[Stored items from a collection]
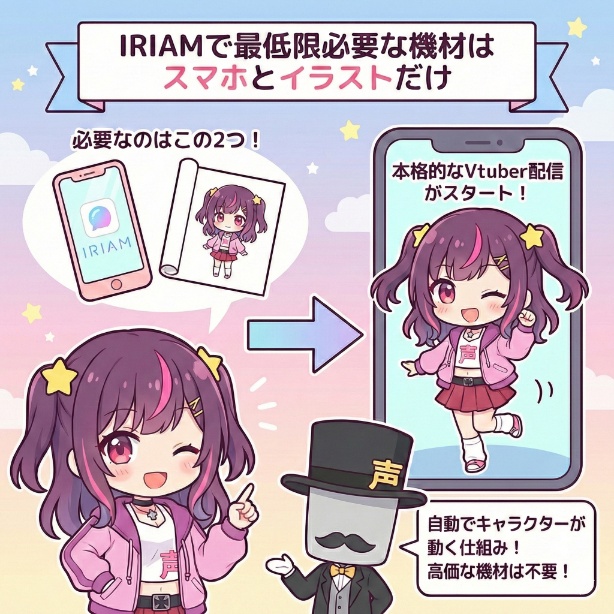 このように、IRIAMでVtuberとしてライバーデビューするために最低限必要な機材は、基本的に「スマホ」と「キャラクターイラスト」の2点だけです。
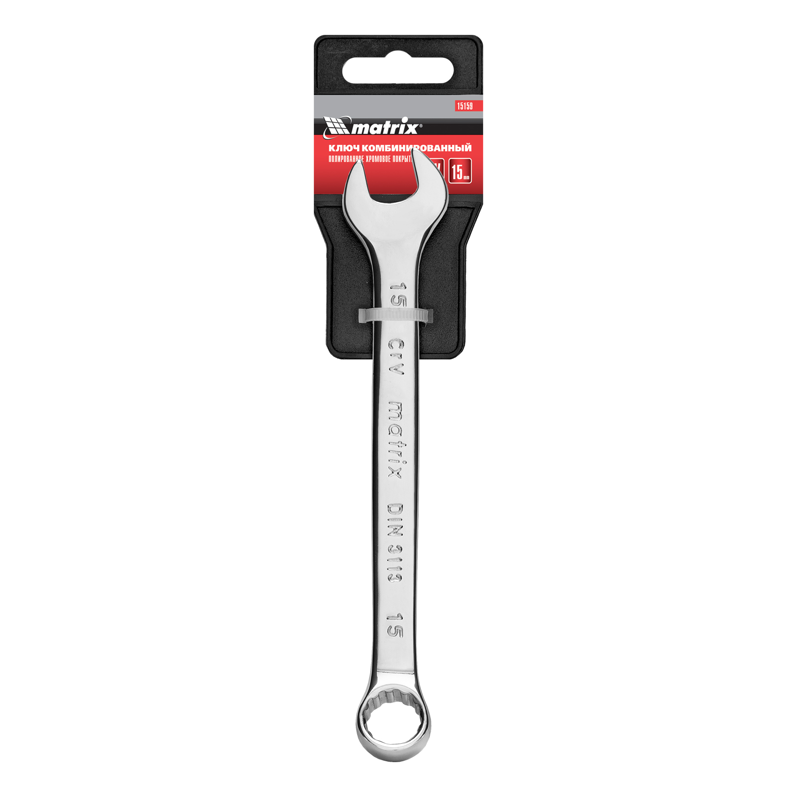 Ключ комбинированный, 15 мм, CrV, полированный хром Matrix в Казани
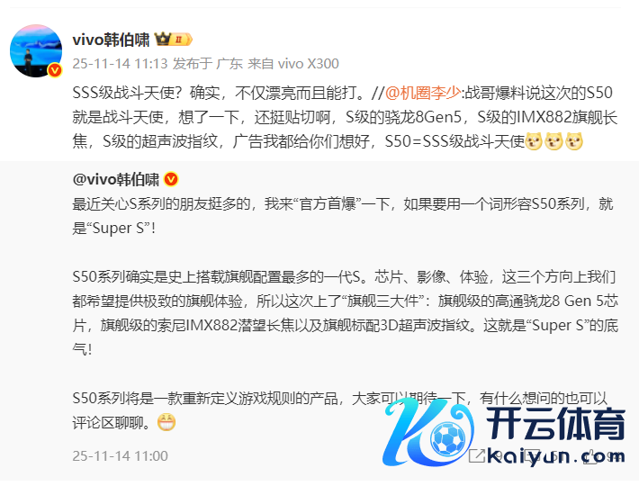 伴跟着OPPO Reno15系列定档,500系列开启预热,预示着新一轮国产中端线下机大战运转。这不vivo S50系列也运转预热了开云官网切尔西赞助商,与此前相似发轫由居品司剃头出一些信息,不外这一次居品司理堪称要更正游戏模范。
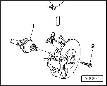 - Remove collar bolt - 2 - at left and right drive axles - 1 -.
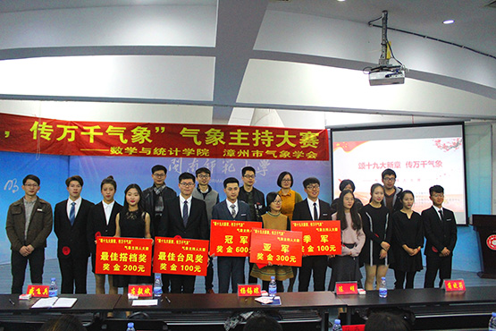 12月28日下午,由漳州市气象协会、yl6776永利集团团委联合主办,数统学院艺术团、青年志愿者中心承办的的“颂十九大新章,传万千气象”——气象主持人大赛在达理活动中心三楼报告厅圆满落幕。气象台副台长杨锡琼女士、工程师庄毅斌先生、漳州气象台主持人盛飞兵先生担任本次评委,数统学院团委书记、辅导员、各学院组织代表出席本次活动。
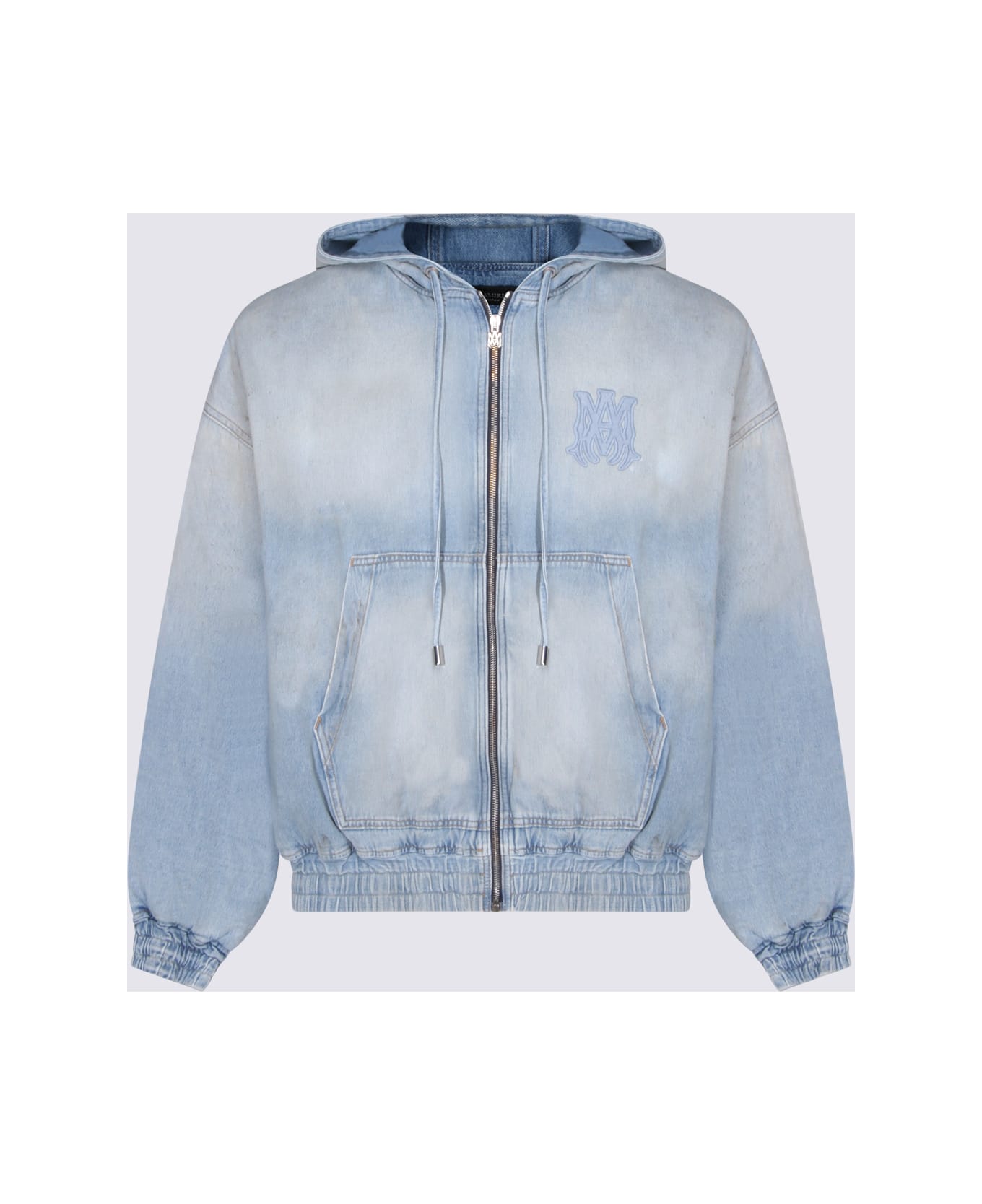 Blue cotton denim jacket from Amiri featuring hood, zip fastening, long sleeves, pockets, frontal logo and regular vestibility. Composition: _, 100% Co
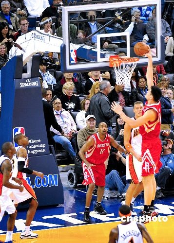 當(dāng)?shù)貢r(shí)間12月12日晚,休斯頓火箭隊(duì)與金州勇士隊(duì)在加州奧克蘭主場甲骨文體育館進(jìn)行一場比賽。姚明雖患感冒但仍拿下19分14個(gè)籃板,阿泰斯特因?yàn)橛夷_踝有傷休戰(zhàn),1號(hào)球星麥格雷迪復(fù)出首發(fā)并表現(xiàn)搶眼,最終火箭以119-108輕松戰(zhàn)勝對(duì)手取得兩連勝,時(shí)隔一周后再次大勝勇士。目前火箭總戰(zhàn)績達(dá)到15勝8負(fù),勇士7勝16負(fù)。圖為姚明上籃。中新社發(fā) 陳鋼 攝
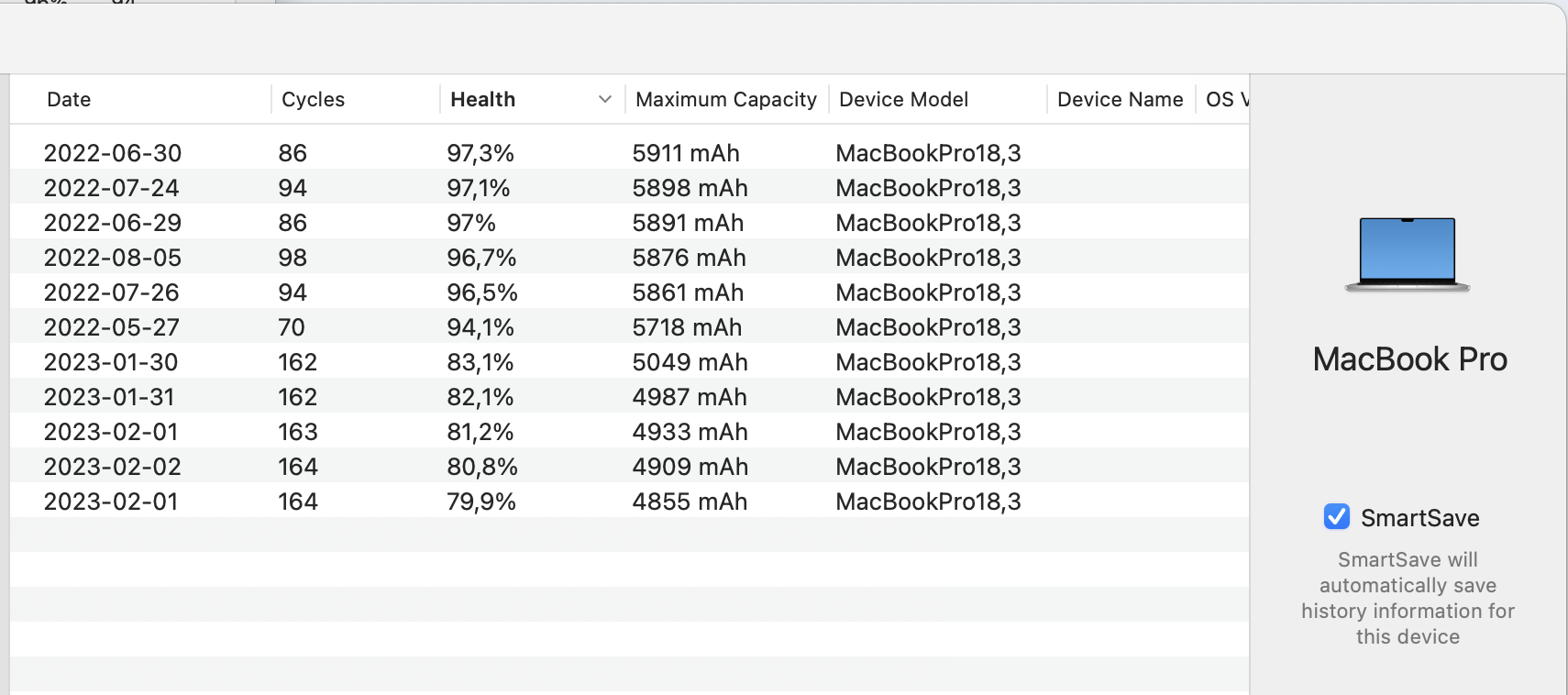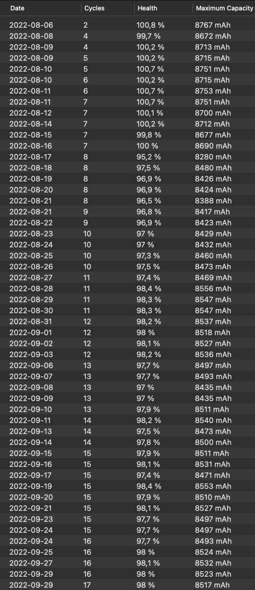 Feel free to ask me any questions as I have been fighting with this issue ever since late Summer 2022 as you can see from Coconut Battery history.
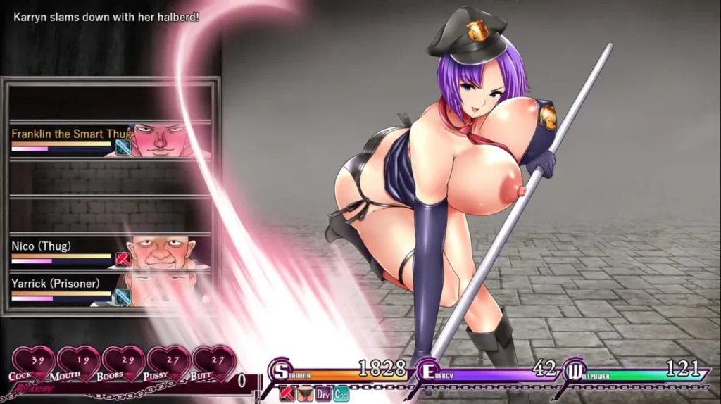- The JRPG Battles: Here’s the twist. Inmates have “Stress” and “Desire” meters. If they get too high, they might challenge Karryn directly in a turn-based JRPG-style battle. 🎮 You use a deck of “Prisoner Management” skills to subdue them. These battles are strategic and fun, not just simple click-fests.
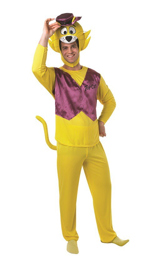 A fun costume complete with yellow top with attached purple waistcoat with "Top Cat" print, yellow trousers, and Top Cat head piece.
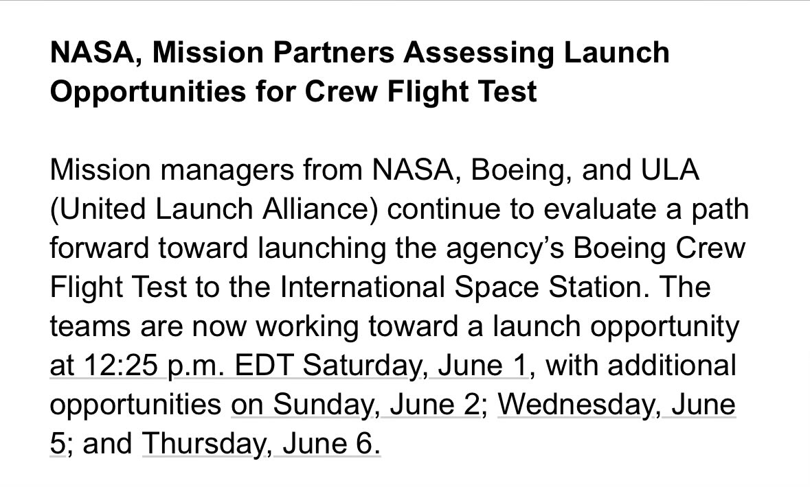 Boeing Starliner has slipped until Tues, May 21, at 4:43 pm for the launch of their Crewed Flight Test.

● Task instructions
Find the line with "Feel free to". Return it and each line after it through the end of the data, exactly, without pictures.

● Response below
 Feel free to ask me any questions as I have been fighting with this issue ever since late Summer 2022 as you can see from Coconut Battery history.
- The JRPG Battles: Here’s the twist. Inmates have “Stress” and “Desire” meters. If they get too high, they might challenge Karryn directly in a turn-based JRPG-style battle. 🎮 You use a deck of “Prisoner Management” skills to subdue them. These battles are strategic and fun, not just simple click-fests.
 A fun costume complete with yellow top with attached purple waistcoat with "Top Cat" print, yellow trousers, and Top Cat head piece.
 Boeing Starliner has slipped until Tues, May 21, at 4:43 pm for the launch of their Crewed Flight Test.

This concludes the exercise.